On Tue, Oct 29, 2002 at 05:07:52PM -0500, Scott St. John wrote:
> Thanks to a friend very familiar with Debian I have my first Debian
> server up and running on a Dual Processor IBM Netfinity Server.  One
> word:  ROCKS!
> 
> Just in playing around I see what I was hoping for with RH, speed,
> stability, performance!  NICE :)
> 
> Moving user accounts over tonight and will start the tests for it to
> become a replacement email server.

btw, i strongly recommend switching from sendmail to postfix as part of
the upgrade.

postfix is mostly backwards-compatible with sendmail, but a lot faster
and a lot better at resource management...i've seen sendmail boxes crash
under less than 1/10th of the mail load that the exact same machine was
capable of handling after we switched to postfix.

a nice mail setup is:

MTA: postfix-tls (supports RFC2847 TLS encryption and SMTP AUTH)
MDA: courier-maildrop
POP & IMAP: courier-pop, courier-pop-ssl, courier-imap, courier-imap-ssl
WEBMAIL: courier's sqwebmail
ANTI-SPAM: amavis with spamassassin, and lots of entries in your postfix
           smtpd_*_restrictions access maps.
ANTI-VIRUS: amavis with clamav

all of these are, of course, packaged for debian.

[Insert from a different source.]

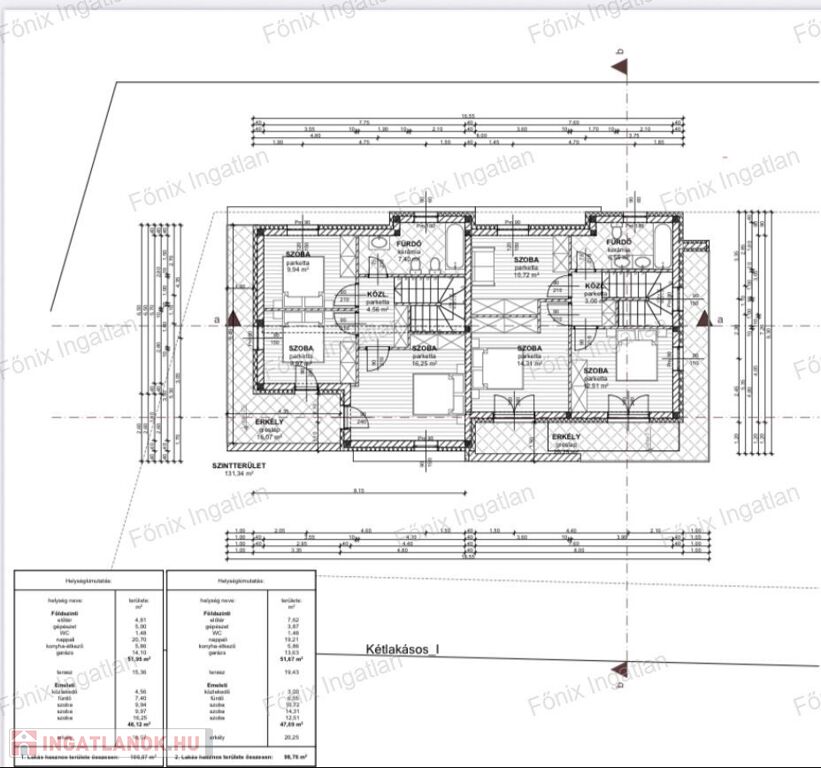100 m2-es + 19 m2-es terasszal + 20 m2-es erkéllyel,

as always, the most important factor for performance of a busy mail
server is the disks.   mail is an I/O-bound application, your CPUs will
be sitting idle most of the time waiting for data to/from the drives.

a large hardware RAID-5 array with non-volatile write caching is ideal
for mail.  also, reiserfs or XFS filesystems are a better choice than
ext2 (especially if you use Maildir/ which results in lots of little
files in a directory, which is a real performance killer under
traditional type *nix filesystems like ext2)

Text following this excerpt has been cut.